Competition is meant to replace negotiation in the bid process. However, after the close of a bid call it is common for an owner to begin negotiations with the general contractor who submitted the lowest compliant bid in order to determine if cost savings can be obtained. If the owner attempts to enter into negotiations with the lowest bidding general contractor after the close of bids, there is an issue as to whether that general contractor remains bound to the owner on its bid, and whether the subcontractors carried by the general contractor in its bid to the owner are bound to the general contractor to enter into construction contracts.

The first place to look to consider the permissible scope of post-closing negotiations is in the bid documents constituting the bid contract between the owner and general contractor. If the bid documents do not permit post-closing negotiation, negotiations after the close of bids may result in the termination of the bid process, including the obligation on the general contractor to enter into construction contracts with the carried subcontractors. The bid documents may expressly provide for post-bid negotiations and / or modifications of the bid submitted. However, even if such negotiations are permissible, the courts will examine the substance of the negotiations in order to determine what has occurred, and whether it is permissible.

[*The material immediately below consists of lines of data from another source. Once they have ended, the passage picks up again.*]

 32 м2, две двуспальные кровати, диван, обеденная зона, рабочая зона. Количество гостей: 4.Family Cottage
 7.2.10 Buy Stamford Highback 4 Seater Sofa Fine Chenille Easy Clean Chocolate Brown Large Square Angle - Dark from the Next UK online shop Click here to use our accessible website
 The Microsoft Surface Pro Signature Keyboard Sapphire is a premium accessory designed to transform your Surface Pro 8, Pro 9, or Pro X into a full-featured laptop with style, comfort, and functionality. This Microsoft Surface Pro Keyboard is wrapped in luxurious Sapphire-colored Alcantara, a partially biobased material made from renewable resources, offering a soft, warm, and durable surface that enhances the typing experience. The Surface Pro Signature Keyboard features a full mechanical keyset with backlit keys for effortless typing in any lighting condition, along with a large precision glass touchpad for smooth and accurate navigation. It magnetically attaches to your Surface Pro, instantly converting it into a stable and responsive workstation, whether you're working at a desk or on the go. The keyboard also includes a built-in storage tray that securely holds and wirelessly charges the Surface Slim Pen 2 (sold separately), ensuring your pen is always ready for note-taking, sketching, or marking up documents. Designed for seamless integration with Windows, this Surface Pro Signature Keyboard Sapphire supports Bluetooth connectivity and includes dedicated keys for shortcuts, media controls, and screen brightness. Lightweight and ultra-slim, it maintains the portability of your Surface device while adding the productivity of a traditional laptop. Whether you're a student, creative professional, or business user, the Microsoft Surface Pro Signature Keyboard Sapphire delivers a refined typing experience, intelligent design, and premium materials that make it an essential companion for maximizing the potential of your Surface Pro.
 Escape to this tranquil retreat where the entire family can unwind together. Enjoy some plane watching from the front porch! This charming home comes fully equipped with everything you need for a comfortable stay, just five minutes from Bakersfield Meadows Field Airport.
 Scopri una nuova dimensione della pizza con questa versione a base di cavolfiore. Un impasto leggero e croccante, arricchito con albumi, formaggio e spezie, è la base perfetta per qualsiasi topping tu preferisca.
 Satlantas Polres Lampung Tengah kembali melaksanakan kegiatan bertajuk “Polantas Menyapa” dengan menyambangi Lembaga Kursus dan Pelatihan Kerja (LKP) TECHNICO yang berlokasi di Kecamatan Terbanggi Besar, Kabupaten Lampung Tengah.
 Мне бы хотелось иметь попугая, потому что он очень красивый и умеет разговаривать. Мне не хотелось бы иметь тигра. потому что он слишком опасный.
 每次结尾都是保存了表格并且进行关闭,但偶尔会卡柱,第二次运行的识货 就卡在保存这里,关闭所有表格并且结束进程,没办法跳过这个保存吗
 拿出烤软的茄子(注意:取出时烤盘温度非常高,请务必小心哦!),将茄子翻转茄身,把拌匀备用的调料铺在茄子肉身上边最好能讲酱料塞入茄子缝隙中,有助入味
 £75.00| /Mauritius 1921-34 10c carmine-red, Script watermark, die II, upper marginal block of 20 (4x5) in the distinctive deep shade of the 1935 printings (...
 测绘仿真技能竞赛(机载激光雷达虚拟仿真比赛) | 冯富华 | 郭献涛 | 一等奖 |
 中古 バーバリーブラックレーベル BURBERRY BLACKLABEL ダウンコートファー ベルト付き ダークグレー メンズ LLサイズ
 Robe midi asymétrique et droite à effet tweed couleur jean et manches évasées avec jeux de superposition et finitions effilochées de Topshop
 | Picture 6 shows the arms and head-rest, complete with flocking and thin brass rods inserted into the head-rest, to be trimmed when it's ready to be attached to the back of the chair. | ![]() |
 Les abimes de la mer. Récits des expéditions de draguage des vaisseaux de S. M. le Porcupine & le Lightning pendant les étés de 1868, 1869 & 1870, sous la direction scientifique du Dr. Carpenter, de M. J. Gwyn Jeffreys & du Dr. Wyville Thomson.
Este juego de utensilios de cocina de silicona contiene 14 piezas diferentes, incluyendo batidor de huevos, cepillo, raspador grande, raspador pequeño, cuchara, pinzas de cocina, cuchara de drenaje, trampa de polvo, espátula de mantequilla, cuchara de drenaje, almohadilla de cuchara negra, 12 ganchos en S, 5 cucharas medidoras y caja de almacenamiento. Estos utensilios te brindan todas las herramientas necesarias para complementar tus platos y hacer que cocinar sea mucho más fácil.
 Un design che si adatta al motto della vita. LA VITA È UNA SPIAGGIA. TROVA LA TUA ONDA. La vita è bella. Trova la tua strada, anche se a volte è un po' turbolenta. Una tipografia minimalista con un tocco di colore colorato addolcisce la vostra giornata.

If, on the one hand, the negotiations are a request by the owner, and an agreement by the owner, to the modification of a general contractor’s bid within a clause in the bid documents which permits such a modification, the general contractor’s bid would continue in effect, as modified, and would not result in the release of the general contractor’s obligation to enter into construction contracts with the carried subcontractors. If, on the other hand, the negotiations are characterized as a rejection by the owner of the general contractor’s bid and the making by the owner of a counter-offer to the general contractor, the bid process is terminated, along with the general contractor’s obligation to enter into construction contracts with the carried subcontractors.

As the bid contracts between the general contractor and the carried subcontractors remain valid until the general contractor’s bid is rejected or accepted by the owner, the termination of the bid process between the owner and general contractor also has the result of releasing the carried subcontractors from an obligation to enter into construction contracts with the general contractor. Accordingly, if the owner and general contractor want to maintain the carried subcontractors’ obligation to enter into construction contracts, they must be careful to ensure that their negotiations are permissible under the bid contract between owner and general contractor and do not amount to a rejection by the owner of the general contractor’s bid and thereby the termination of the bid process and the making
of a counter-offer by the owner.

Above Information provided by Jenkins Marzban Logan LLP, Suite 900, 808 Nelson Street, Vancouver, BC

Trade Agreements and Trade Contractors
The above noted process for post bid negotiations may have some implications as it relates to Trade Agreements such as AIT or TILMA. If a bid process is cancelled due to negotiations then this may mean it becomes a new procurement solicitation which requires an entire new public process. Where Construction Management is the method of procuring trade contractor pricing then each package of work, which meets the thresholds within a Trade Agreement, must be publicly bid. Hence, cancelling a bid to begin negotiations with a trade contractor may create a new procurement solicitation.